** DATA SUPPLIED follows **

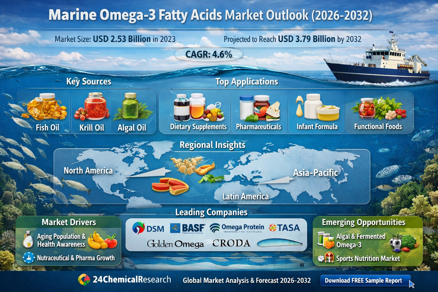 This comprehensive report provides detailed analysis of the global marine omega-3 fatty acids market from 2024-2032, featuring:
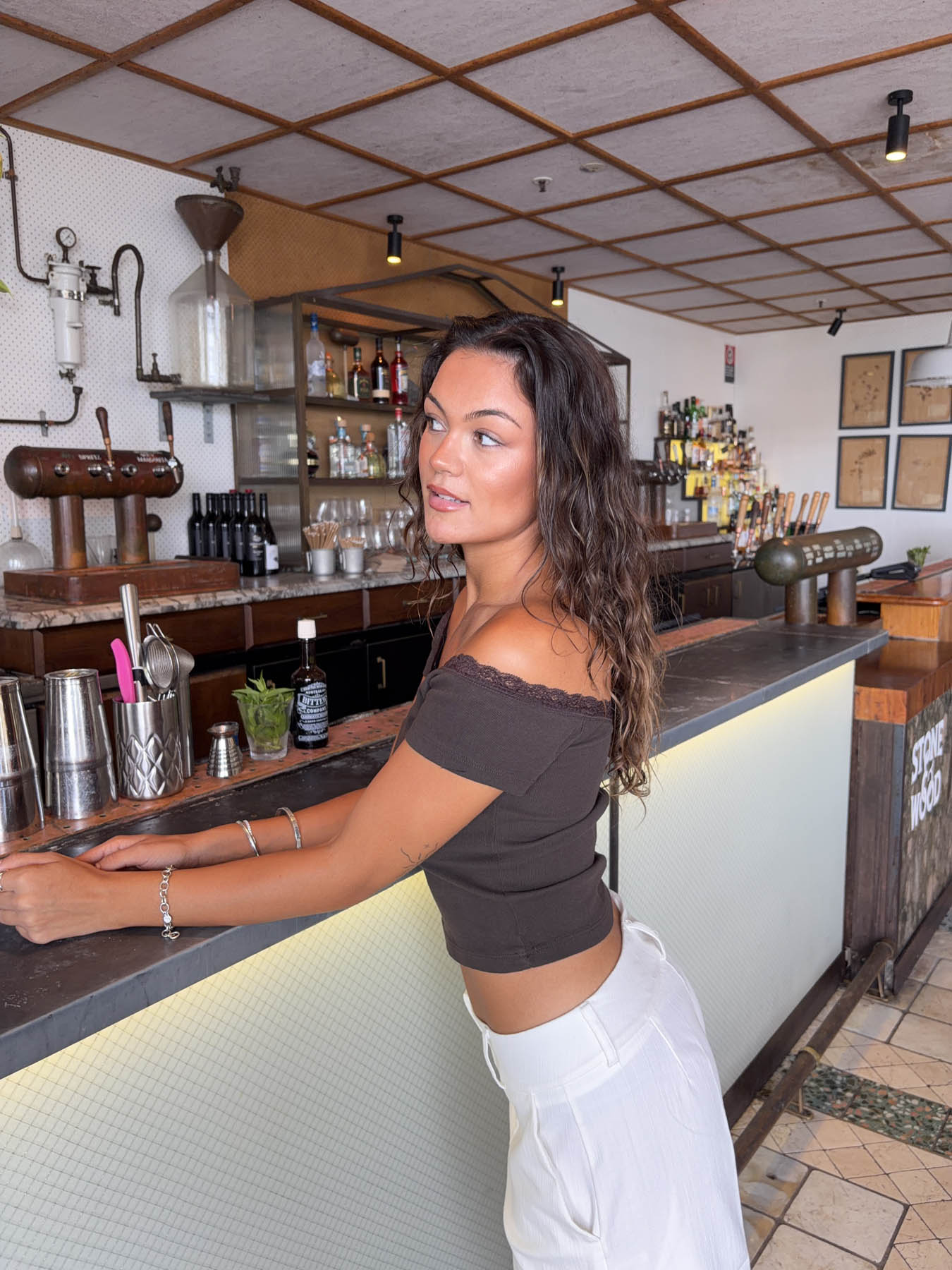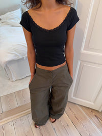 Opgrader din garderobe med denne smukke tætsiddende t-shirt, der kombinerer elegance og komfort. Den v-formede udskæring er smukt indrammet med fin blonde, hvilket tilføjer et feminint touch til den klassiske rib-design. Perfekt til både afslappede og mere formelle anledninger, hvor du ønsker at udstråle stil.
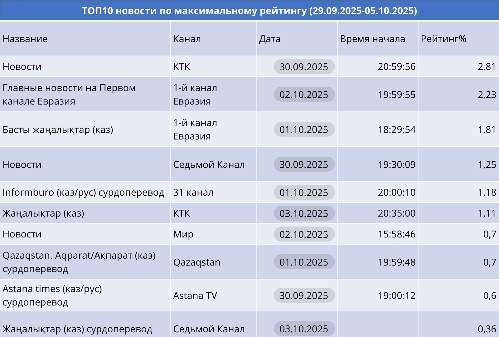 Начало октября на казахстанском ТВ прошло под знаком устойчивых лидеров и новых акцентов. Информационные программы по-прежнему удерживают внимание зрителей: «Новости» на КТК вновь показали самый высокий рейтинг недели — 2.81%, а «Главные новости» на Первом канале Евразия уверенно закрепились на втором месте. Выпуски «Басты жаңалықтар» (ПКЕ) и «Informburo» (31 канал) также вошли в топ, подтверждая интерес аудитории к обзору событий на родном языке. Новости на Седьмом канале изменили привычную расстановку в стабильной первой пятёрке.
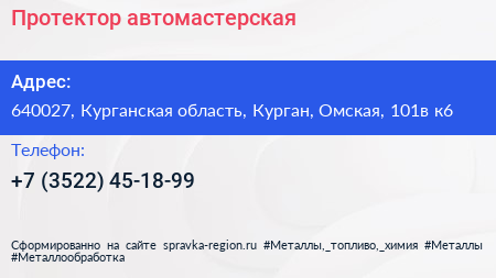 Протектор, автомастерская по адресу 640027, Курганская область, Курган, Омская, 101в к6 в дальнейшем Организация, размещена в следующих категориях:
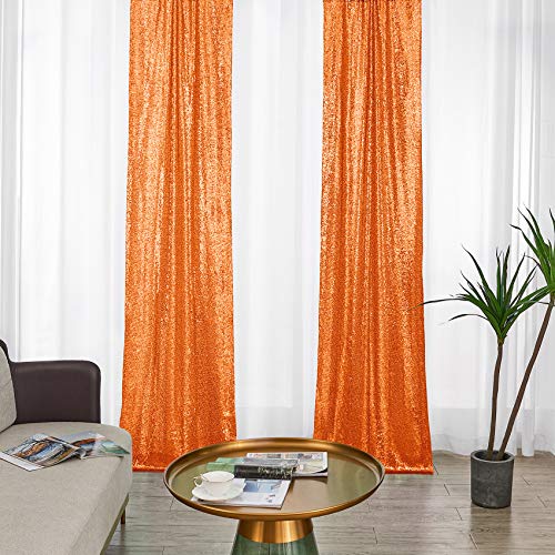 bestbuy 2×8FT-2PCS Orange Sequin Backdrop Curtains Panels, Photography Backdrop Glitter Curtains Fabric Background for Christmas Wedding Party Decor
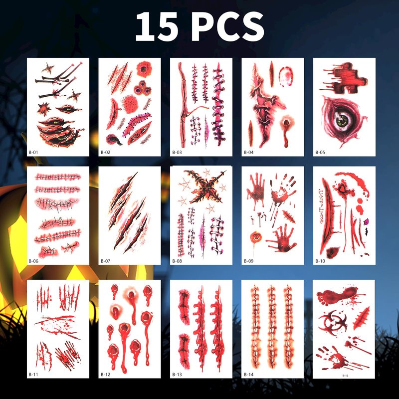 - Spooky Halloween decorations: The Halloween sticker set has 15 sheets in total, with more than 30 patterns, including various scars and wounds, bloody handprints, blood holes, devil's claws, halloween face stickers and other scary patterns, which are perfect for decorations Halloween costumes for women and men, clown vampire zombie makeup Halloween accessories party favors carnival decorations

** End of DATA SUPPLIED **

[GOAL OF THE EXERCISE]: Write out the material above exactly. Skip the pictures.

[OUTPUT BELOW]:
 This comprehensive report provides detailed analysis of the global marine omega-3 fatty acids market from 2024-2032, featuring:
 Opgrader din garderobe med denne smukke tætsiddende t-shirt, der kombinerer elegance og komfort. Den v-formede udskæring er smukt indrammet med fin blonde, hvilket tilføjer et feminint touch til den klassiske rib-design. Perfekt til både afslappede og mere formelle anledninger, hvor du ønsker at udstråle stil.
 Начало октября на казахстанском ТВ прошло под знаком устойчивых лидеров и новых акцентов. Информационные программы по-прежнему удерживают внимание зрителей: «Новости» на КТК вновь показали самый высокий рейтинг недели — 2.81%, а «Главные новости» на Первом канале Евразия уверенно закрепились на втором месте. Выпуски «Басты жаңалықтар» (ПКЕ) и «Informburo» (31 канал) также вошли в топ, подтверждая интерес аудитории к обзору событий на родном языке. Новости на Седьмом канале изменили привычную расстановку в стабильной первой пятёрке.
 Протектор, автомастерская по адресу 640027, Курганская область, Курган, Омская, 101в к6 в дальнейшем Организация, размещена в следующих категориях:
 bestbuy 2×8FT-2PCS Orange Sequin Backdrop Curtains Panels, Photography Backdrop Glitter Curtains Fabric Background for Christmas Wedding Party Decor
 - Spooky Halloween decorations: The Halloween sticker set has 15 sheets in total, with more than 30 patterns, including various scars and wounds, bloody handprints, blood holes, devil's claws, halloween face stickers and other scary patterns, which are perfect for decorations Halloween costumes for women and men, clown vampire zombie makeup Halloween accessories party favors carnival decorations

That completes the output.